By the way, Southwest blew $5.6 billion on stock buybacks in the past few years.

They could have made investments in their services and infrastructure.

They could have prepared for extreme weather events.

But no. They decided to enrich their shareholders.

@rbreich
Stock buybacks should be illegal.

Stock buybacks after a bailout should be mandatory jail time.

@TCatInReality @rbreich curious about this stance. I get the concern about using funds from a bailout to do stock buybacks. But if that isn’t the case why are stock buybacks bad outright?
Serious question since I wasn’t aware of an inherent problem with them but might have a blind spot.

@mitchdenny @rbreich
What's inherently wrong w buybacks?
- market manipulation
- redirects money that could go into business investments/expansion
- indicative of price gouging
- shifted exec comp to stock performance vs business performance

Buybacks were illegal until Reagan. We forget that.

@mitchdenny @rbreich
Prior to Reagan, companies typically balanced 3 priorities: growth, customers and employees. Exec comp reflected that. Look at annual reports from the 50s and 60s.

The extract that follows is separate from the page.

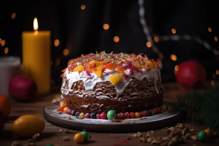 fruit cake topped with frosting and sprinkles for festive celebration, created with generative ai

Then that shifted solely to shareholders. That's led to mass layoffs, wage stagnation, price gouging, underinvestment, consolidations - and exec comp skyrocketed because they were paid on stock price. A company could be declining, but could still grow the stock price w buybacks.

#BanStockBuybacks

@TCatInReality @mitchdenny @rbreich

Then along came a Nobel Prize winning economist from U Chicago who sagely pointed out - it's the shareholder stupid. And so it now is.

@GWD @TCatInReality @rbreich I guess I'm not versed enough in the pros/cons of buy backs either from a business point of view nor an ethical perspective, which is what was behind my question. Based on this conversation I can now see that there are at least some causes for concern that are at least worth discussing.
@mitchdenny @TCatInReality @rbreich It's hard to talk about share buybacks in sound bites, and it's really a second order issue. Deeper issue is putting shareholders above everything else all the time. Read Milton Friedman's piece in Sunday Times Mag from 1970 ish. He lays out the basic arguments there. Ideas took hold! Then executive comp. got wound in. The whole edifice needs a make over.